INPUT FOR THIS TASK:
━━━━━━━━━━━━━━━━
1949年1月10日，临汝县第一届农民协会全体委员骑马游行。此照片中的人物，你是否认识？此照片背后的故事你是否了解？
━━━━━━━━━━━━━━━━
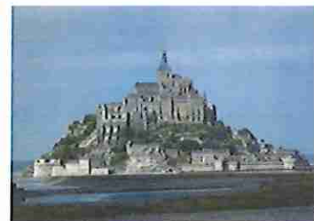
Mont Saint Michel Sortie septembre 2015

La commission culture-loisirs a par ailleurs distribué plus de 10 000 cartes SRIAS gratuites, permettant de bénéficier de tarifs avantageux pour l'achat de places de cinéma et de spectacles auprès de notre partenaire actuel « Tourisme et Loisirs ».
━━━━━━━━━━━━━━━━
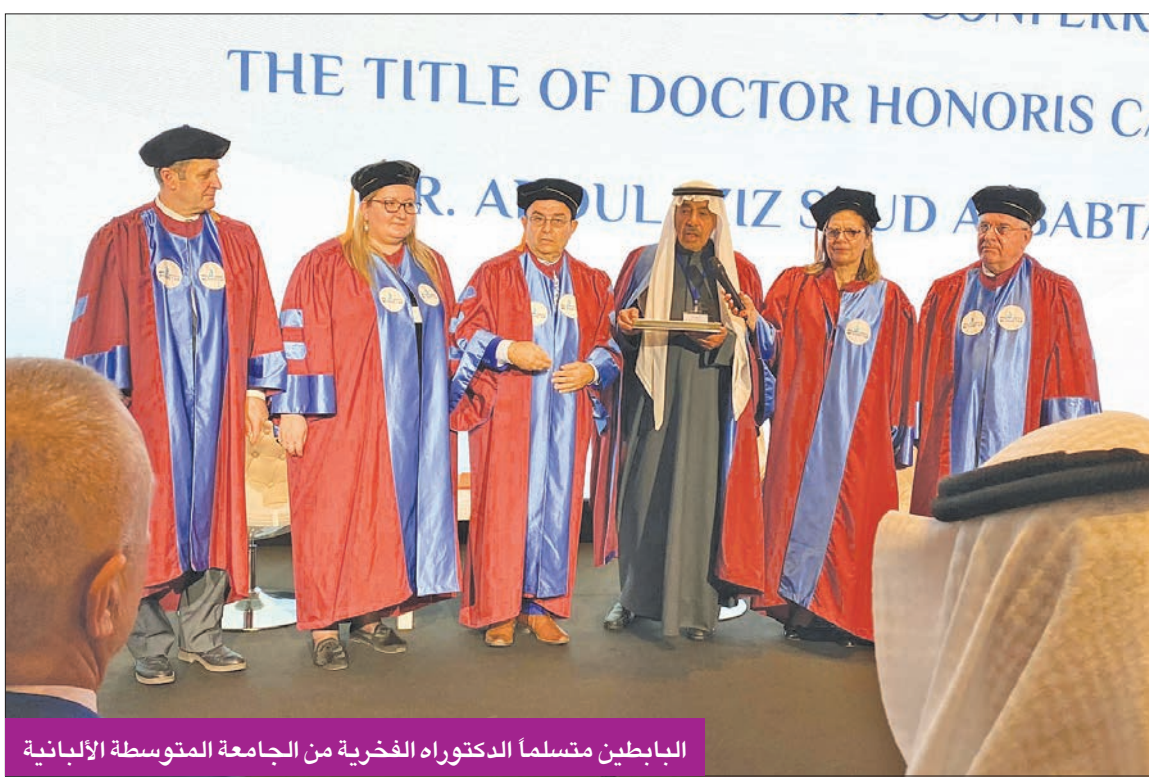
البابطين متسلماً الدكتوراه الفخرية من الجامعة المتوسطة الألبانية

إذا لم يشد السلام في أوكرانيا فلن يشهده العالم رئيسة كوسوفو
━━━━━━━━━━━━━━━━
WORK REQUIRED: Your answer should be the lines above, from the line containing "البابطين متسلماً الدكتوراه" up to and including the line containing "إذا لم يشد السلام", reproduced exactly and with nothing else.

RESPONSE FOR THIS EXERCISE:
البابطين متسلماً الدكتوراه الفخرية من الجامعة المتوسطة الألبانية

إذا لم يشد السلام في أوكرانيا فلن يشهده العالم رئيسة كوسوفو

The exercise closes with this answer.